▶ [MATERIAL PROVIDED]
********

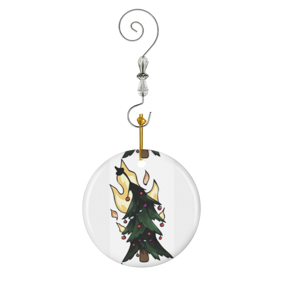 (Burn It Up!_2711) Christmas Ornaments Ceramic with Crystal Hook Xmas Handmade Tree Decorations Keepsake Gifts Stocking Stuffer
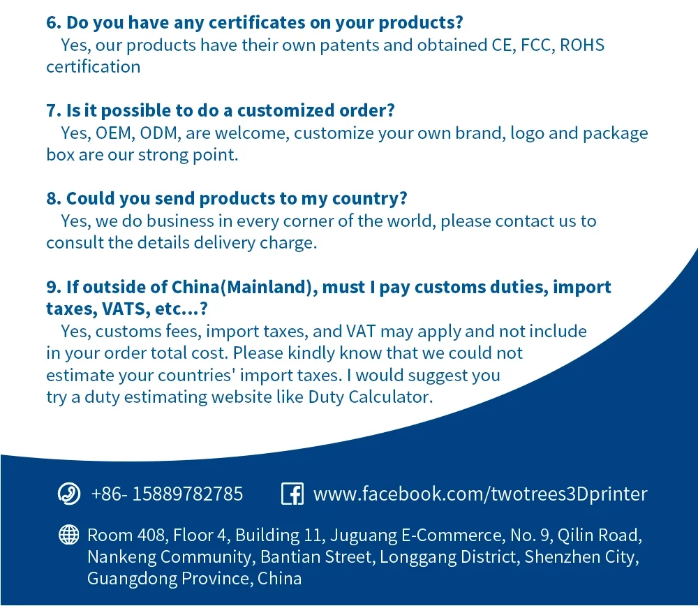 ShenZhen TwoTrees Technology Co.,Ltd is a one-stop service provider for 3D print production, R&D, sales, accessories and 3D print-related derivatives.we focus on research and develop new technology to create new products.Provide efficient and affordable 3D printing solutions for individuals, families, education and enterprises.Meet each customer's requirements for efficiency, quality and rapid prototyping.
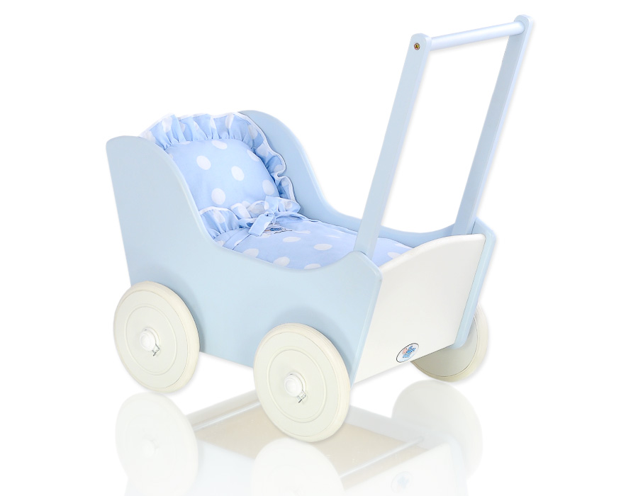 The wheels have non-slip tires that do not scratch the floor. The doll pram has an adjustable wooden handle. It can be mounted on two heights (53cm or 55cm measured from the floor).
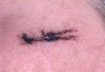 This asymptomatic swelling above a 3-month-old boy's left eyebrow had not changed since birth. The 15 × 13-mm, soft, nontender, freely mobile nodule had no punctum, hair tuft, or other skin anomaly. The infant was born at term and was otherwise healthy. At the parents' request, the nodule was excised without complications by a pediatric surgeon. Pathological findings showed lamellated keratin within the mass and surrounding pilosebaceous units opening into the mass, consistent with a dermoid cyst.

********

Please set down every line of the data above precisely, dropping the images.

 (Burn It Up!_2711) Christmas Ornaments Ceramic with Crystal Hook Xmas Handmade Tree Decorations Keepsake Gifts Stocking Stuffer
 ShenZhen TwoTrees Technology Co.,Ltd is a one-stop service provider for 3D print production, R&D, sales, accessories and 3D print-related derivatives.we focus on research and develop new technology to create new products.Provide efficient and affordable 3D printing solutions for individuals, families, education and enterprises.Meet each customer's requirements for efficiency, quality and rapid prototyping.
 The wheels have non-slip tires that do not scratch the floor. The doll pram has an adjustable wooden handle. It can be mounted on two heights (53cm or 55cm measured from the floor).
 This asymptomatic swelling above a 3-month-old boy's left eyebrow had not changed since birth. The 15 × 13-mm, soft, nontender, freely mobile nodule had no punctum, hair tuft, or other skin anomaly. The infant was born at term and was otherwise healthy. At the parents' request, the nodule was excised without complications by a pediatric surgeon. Pathological findings showed lamellated keratin within the mass and surrounding pilosebaceous units opening into the mass, consistent with a dermoid cyst.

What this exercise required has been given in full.